The Bureau of Meteorology has inked a $35 million data centre lease with NextDC as part of its multi-year IT transformation project to improve the security of critical systems and applications.

Bureau of Meteorology inks $35m NextDC data centre deal

The two-year contract published last week will see the weather bureau house its data in one or more of NextDC’s nine data centres across Australia.

The deal appears to replace BoM’s existing data centre lease with Equinix (previously Metronode) signed in October 2012 at the cost of $24.5 million over ten years.

As is becoming routine for the bureau on matters concerning IT, a spokesperson declined to comment on the contract, citing operation and national security concerns.

“The Bureau of Meteorology has a significant program of work underway to continue improving its ICT security and resilience, in order to enhance the delivery our (sic) services to the Australian community now into the future,” the spokesperson said.

“For operational and security reasons, the bureau does not publicly comment on the specifics of its IT systems and contracts.”

While there a few detail on the new data centre, the bureau’s recent 2019 annual report [pdf] reveals the facility will contain a new “operational high performance computing (HPC) environment”.

The environment will be established as part of the bureau’s HPC mid-term upgrade project and its wider IT refresh project, dubbed ‘robust’.

Robust, which was funded with an undisclosed amount of funding in the 2018 federal budget and topped up this year, is hardening BoM’s operating environment in response to the 2015 hack by suspected foreign adversaries.

BoM is also planning to uplift the “new data centre based on a common design pattern” to improve security and resilience during the 2019-20 financial year.

The bureau has not disclosed which of NextDC's data centres will be utilised, though it is likely that any facility would remain in Melbourne, where the bureau’s administrative and operation headquarters are located.

NextDC has data centres in Brisbane, Sydney, Melbourne and Perth.

Earlier this year, the bureau signed a $31 million deal with Accenture for a new all-in-one digital channels platform, which will involve an upgrade of BoM’s primary website.
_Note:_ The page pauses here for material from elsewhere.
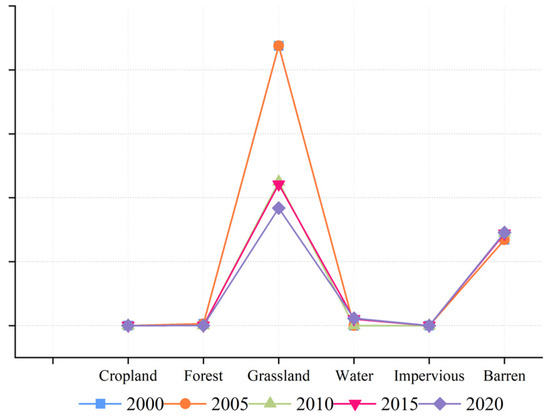 The change in ESV from 2000 to 2020 was consistent with the change in LULC. In terms of timescale, the total ESV of grassland was the highest during the study period, followed by barren areas (Figure 11); the findings by Liu Fang align with ours regarding ESs in the Zhundong area [50]. Grassland reached its highest value in 2000 and 2005 and its lowest value in 2020. As the intensity of human activities increased in 2006, the area of land for construction in the study area began to expand, the size of the water areas began to grow, and the cropland area around Jijihu maintained a stable and small increasing trend. However, the primary forest and grassland areas decreased significantly relative to 2000 and 2005. The rate of increase in the area of other land types was much lower than the rate of decrease in grassland, resulting in an increased area of barren land in the study area and total ESV in 2020. The highest ES value was observed in 2020.

The website is considered one of the government’s most frequented, with as many as 3.5 billion page views per year the current estimate by the bureau.

But, despite the frequency at which Australians access the website, it is one just a handful of federal government websites still using unencrypted web connections.

The site upgrade is just one of the upgrades that will be progress as part of the robust IT refresh, which consolidated a number of infrastructure platforms during the 2018-19 financial year.

"Storage infrastructure acquisition was completed to replace end-of-life storage appliances at the bureau’s primary and secondary data centres," BoM's latest annual report states.

"Computing and storage infrastructure consolidation activities will be implemented in 2019–20 to reduce complexity and the total cost of ownership."